Texas Attorney General
- In office 1864–1865
- Preceded by: Nathan George Shelley
- Succeeded by: William Alexander

Member of the Texas House of Representatives
- In office November 5, 1849 – July 21, 1850
- Preceded by: District established
- Succeeded by: James E. Shepard
- Constituency: 35th district
- In office November 3, 1851 – November 7, 1853
- Preceded by: Darwin Massey Stapp
- Succeeded by: Darwin Massey Stapp
- Constituency: 39th district
- In office November 5, 1855 – February 4, 1856
- Preceded by: Richard Johnson Swearingen
- Succeeded by: Albert Gallatin Haynes and A. M. M. Upshaw
- Constituency: 49th district

Personal details
- Born: Benjamin Edward Tarver May 1, 1802 Wake County, North Carolina, US
- Died: April 22, 1879 (aged 76) Brenham, Texas, US
- Party: Independent
- Occupation: Lawyer, politician

= Benjamin E. Tarver =

American lawyer and politician (1802–1879)

Benjamin Edward Tarver (May 1, 1802 – April 22, 1879) was an American lawyer and politician. He was a member of the Texas House of Representatives and was the Texas Attorney General

== Biography ==
Tarver was born on May 1, 1802, in Wake County, North Carolina, the son of Benjamin A. Tarver and Hannah (née Smith) Tarver. He later moved to Lebanon, Tennessee, and in 1852 moved to Texas. There, he practiced law in Brenham, Texas, where he owned a farm nearby. In 1846 and 1847, he was in partnership with Barry Gillespie.

Tarver was an independent politician. He was a member of the Texas House of Representatives from November 5, 1849, to July 21, 1850, again from November 3, 1851, to November 7, 1853, and finally from November 5, 1855, to February 4, 1856. In order of his three terms, he represented the 35th district, the 39th district, and the 49th district. He was the Texas Attorney General in 1864 and 1865.

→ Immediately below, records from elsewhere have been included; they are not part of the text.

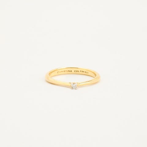 Denne smukke og klassiske ring er 14 kt. guld med en smuk naturlig diamant 0,05 ct i Top Wesselton kvalitet. Størrelse 48. Sælges inkl. smykkecertifikat. Den er købt 9. sept. 2022. Som ny. Ny pris 4.690,00.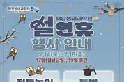 (비전21뉴스) 시흥시는 설 명절을 맞아 시민과 방문객이 뜻깊은 시간을 보낼 수 있도록 오는 2월 14일부터 18일까지 해양생태과학관에서 설 연휴 특별 행사를 운영한다. 해양생태과학관은 설날 당일인 2월 17일을 제외한 연휴 기간 정상 운영되며, 연휴 이후인 2월 19일은 휴관한다. 연휴 기간 방문객들은 해양 생태 전시 관람과 함께 명절 분위기를 느낄 수 있는 다양한 체험 프로그램을 즐길 수 있다. 특히 2월 14일부터 18일까지는 방문객 누구나 참여할 수 있는 특별 마술공연이 진행된다. 공연은 해양생태과학관 2층에서 오후 1시와 3시, 하루 2회 운영되며, 해양 전시 생물 관람과 교육 프로그램과 연계해 색다른 즐거움을 선사할 예정이다. 이와 함께 설 명절의 정취를 느낄 수 있는 전통 놀이 체험 공간도 마련된다. 해양생태과학관 3층 기획전시실에서는 윷놀이, 투호 던지기, 제기차기 등 설날을 대표하는 전통 놀이를 해양생태과학관 운영시간인 오전 10시부터 오후 6시까지 누구나 자유롭게 체험할 수 있도록 운영할 예정이다. 시 관계자는 “설날 당일을 제외한 연휴 기간 해양생태과학관을 정상 운영하며, 방문객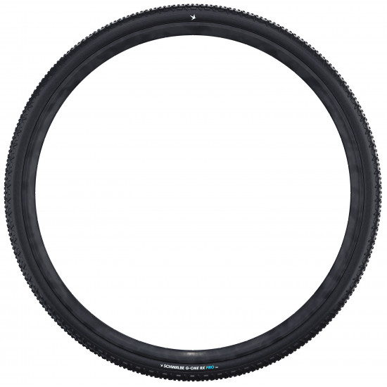 Race Performance on Any Terrain. As an expert for top performance on rough terrain, the RX model completes Schwalbe's G-One PRO portfolio. Its aggressive tread design ensures secure control on loose surfaces, rocky gravel and muddy trails, even at high speeds. While the "Boomerang" elements in the center enable smooth rolling and improved braking, the outer lugs provide more traction and the necessary lateral stabilization in fast corners and on demanding tracks. The intermediate studs in turn provide a strong grip, even under load. Thanks to its design with wide gaps, the G-One RX PRO folding tire also has self-cleaning properties, which are particularly beneficial in muddy conditions.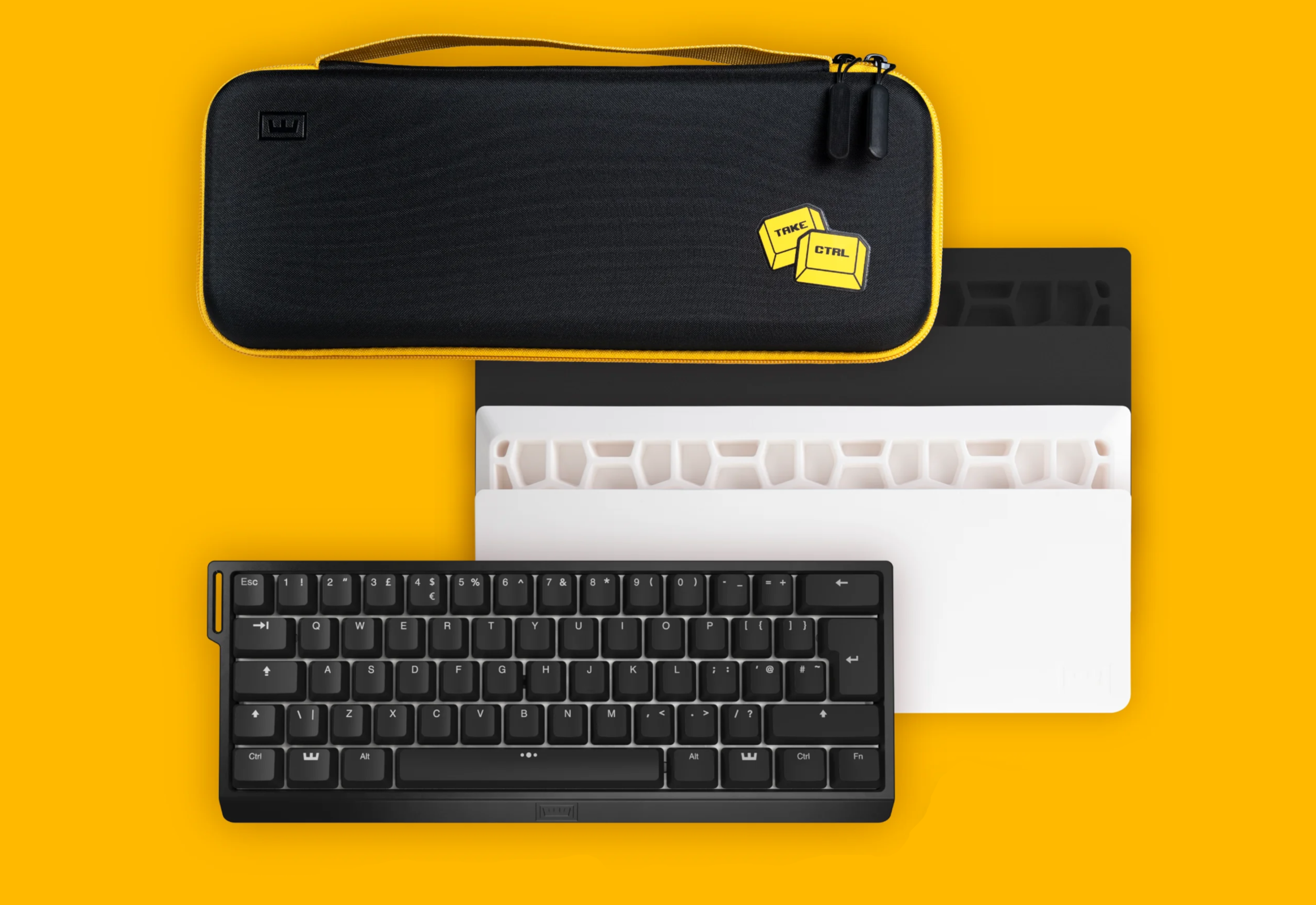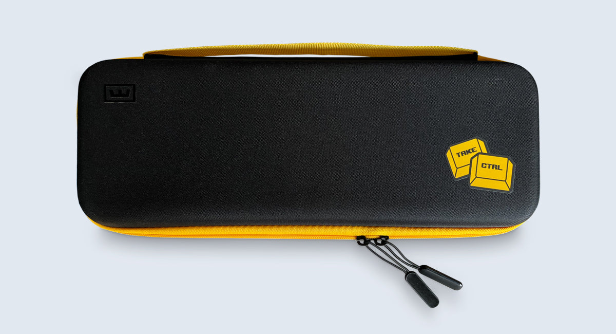 Darmowy futerał, który otrzymują Państwo wraz z klawiaturą Wooting 60HE z okazji Czarnego Piątku, jest podobny do futerału dołączonego do klawiatury Iqunix EZ63 Iqunix EZ63, który wcześniej recenzowaliśmy. Etui podróżne Wooting jest dostępne tylko w kolorze czarnym z żółtymi akcentami, pasującymi do standardowego paska 60HE, i jest wykonane z twardej skorupy EVA z miękkim aksamitnym wnętrzem, w którym klawiatura może się zagnieździć. Podobnie jak sama klawiatura 60HE, etui jest wyraźnie kompatybilne z innymi klawiaturami 60% "o podobnych wymiarach"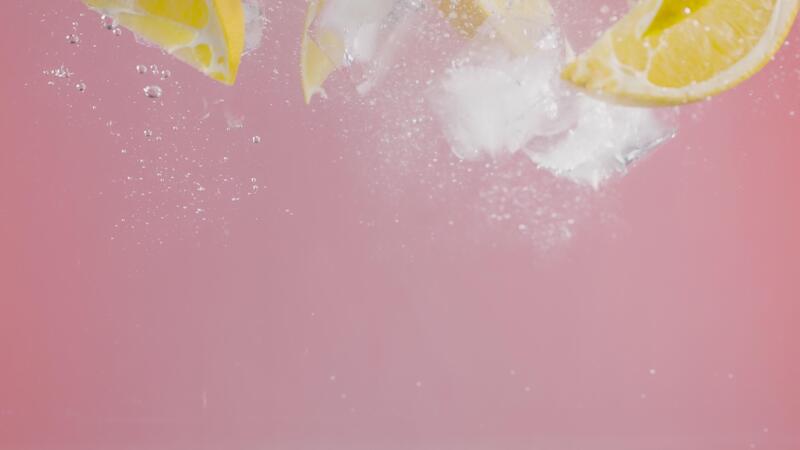Lemon slices with ice fall into water on isolated background. Action. Juicy lemon slices and ice cubes fall into water and float to surface. Refreshing lemon with ice in water Pro Video

While in the House, Tarver was chairman of the Committee on the Judiciary, and was a member of the Committees on Claims and Accounts; on Division of the Supreme Court; on Internal Improvements; on Judicial Districts; on Public Debt; on Rules; and on Slaves and Slavery.

Tarver married Louisa James Morriss, with whom he had at least three children. He died on April 22, 1879, aged 76, in Brenham, and was buried at the Brenham Masonic Cemetery beside his wife.